• [Given information]
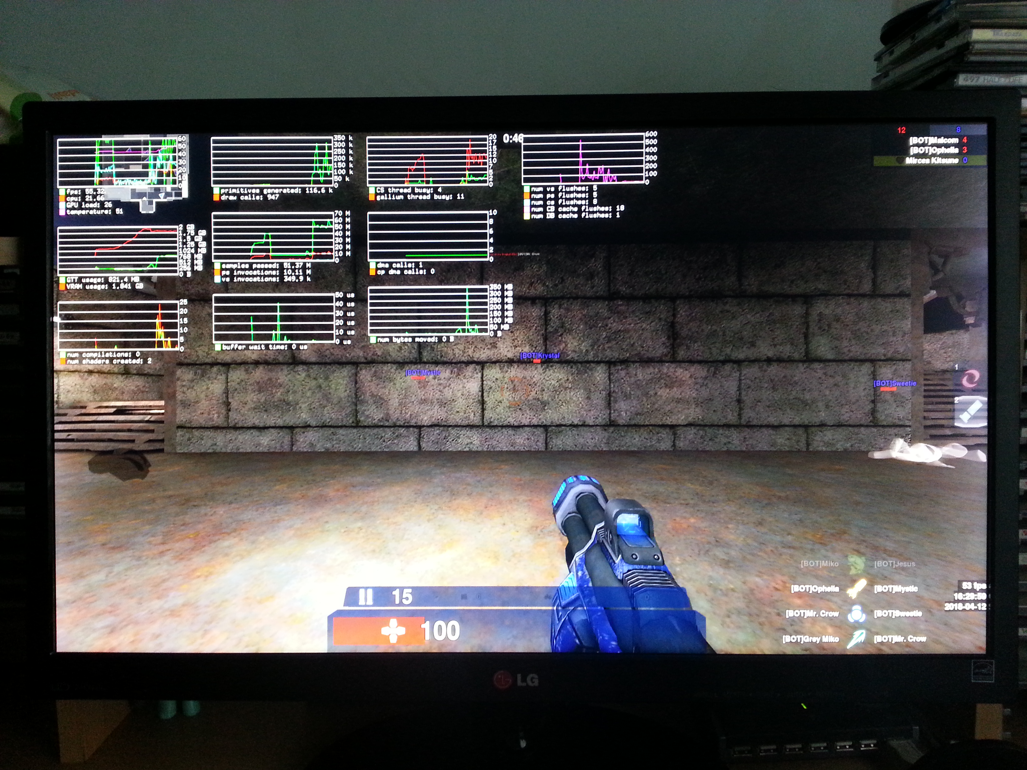 I just finished running the GALLIUM_HUD test, and will be taking a look at the other options next. It was more difficult to test now since the freeze occurs almost instantly after Xonotic loads the map (only a few seconds). I managed to make two photos which I'll attach below: One is the last screenshot I managed to take within the system a few seconds before it froze. The other is a photo of my screen after the freeze has taken place, obviously taken with my phone camera as the computer itself was bricked. A footnote I will add, even if I don't know whether people will even believe me: I had to take those screenshots several times because they kept getting deleted. Whenever I booted the machine back, every screenshot of Xonotic with this HUD was corrupted and turned into a 0 byte file... even ones that were quickly moved to other directories precisely to avoid this, and were also taken by an external process! Other files on my drive are fine, it's only those screenshots... thankfully one survived and it shows all of the graphs and parameters right before the crash. I'm legitimately crept out, as I didn't expect a potential attack program to contain software capable of identifying and deleting evidence of testing, which is the only explanation I can find for what I just saw. I'll do the next tests carefully as I don't know what else may happen to my computer.
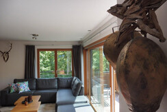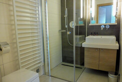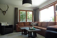 This apartment is equipped for 6 persons and is beautifully designed in combination with nice wooden accents. The large livingroom with much daylight has a large dining table and comfortable sitting area where you can relax. You also have a terrace and a large sunny garden. The complete kitchen is modern and fully equipped with everything you need. You have 3 bedrooms, 2 bathrooms, both with shower and toilet and you also have a separate toilet. The apartment is 95m2 and the terrace in the garden is 33m2. This building is located in a quiet area with a beautiful view and the ski area Leogang-Saalbach-Hinterglemm-Fieberbrunn is next to you. Ski-in and ski-out is possible because of the new Steinbergbahn (2014), this is only 50 metres away.
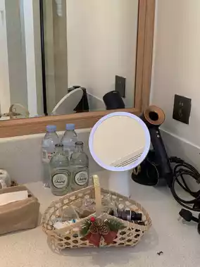 Dyson hairdryer, several kinds of calming and sleep-inducing herbal plants by the private bath.
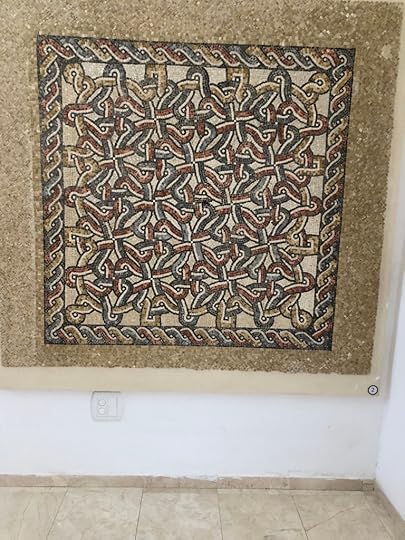 However, on our last return journey we found the time to enter the area belonging to Israel’s Nature and Parks Authority where the building is situated. Our detour was well worth the effort, as we were able to tour the site containing many beautiful ancient mosaics, some of them situated in the open air and others housed in the building originally erected by the British Mandate authorities as a police station on the route between Jerusalem and pilgrimage sites at the Jordan river. The red-coloured rock of the region has given it its name, Ma’aleh Edomim, and the now-destroyed Crusader fortress that once dominated the crest was known as Castrum Rouge.
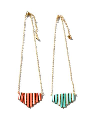 There’s something that feels almost Aboriginal about these triangle pendants made from slats of resin beads. The striking coral and teal variations are set off by crisp white and dappled gold for an eye-catching decolletage decoration, plus the long length makes them uber versatile. I love the idea of one of these tucked into your Mother’s Day gift, alongside a complementary blouse or cardigan.

• [What you need to do] The reply should hold exactly the lines above, starting at the line with "This apartment is" and ending at the line with "However, on our", and no pictures.

• [Answer to this exercise]
 This apartment is equipped for 6 persons and is beautifully designed in combination with nice wooden accents. The large livingroom with much daylight has a large dining table and comfortable sitting area where you can relax. You also have a terrace and a large sunny garden. The complete kitchen is modern and fully equipped with everything you need. You have 3 bedrooms, 2 bathrooms, both with shower and toilet and you also have a separate toilet. The apartment is 95m2 and the terrace in the garden is 33m2. This building is located in a quiet area with a beautiful view and the ski area Leogang-Saalbach-Hinterglemm-Fieberbrunn is next to you. Ski-in and ski-out is possible because of the new Steinbergbahn (2014), this is only 50 metres away.
 Dyson hairdryer, several kinds of calming and sleep-inducing herbal plants by the private bath.
 However, on our last return journey we found the time to enter the area belonging to Israel’s Nature and Parks Authority where the building is situated. Our detour was well worth the effort, as we were able to tour the site containing many beautiful ancient mosaics, some of them situated in the open air and others housed in the building originally erected by the British Mandate authorities as a police station on the route between Jerusalem and pilgrimage sites at the Jordan river. The red-coloured rock of the region has given it its name, Ma’aleh Edomim, and the now-destroyed Crusader fortress that once dominated the crest was known as Castrum Rouge.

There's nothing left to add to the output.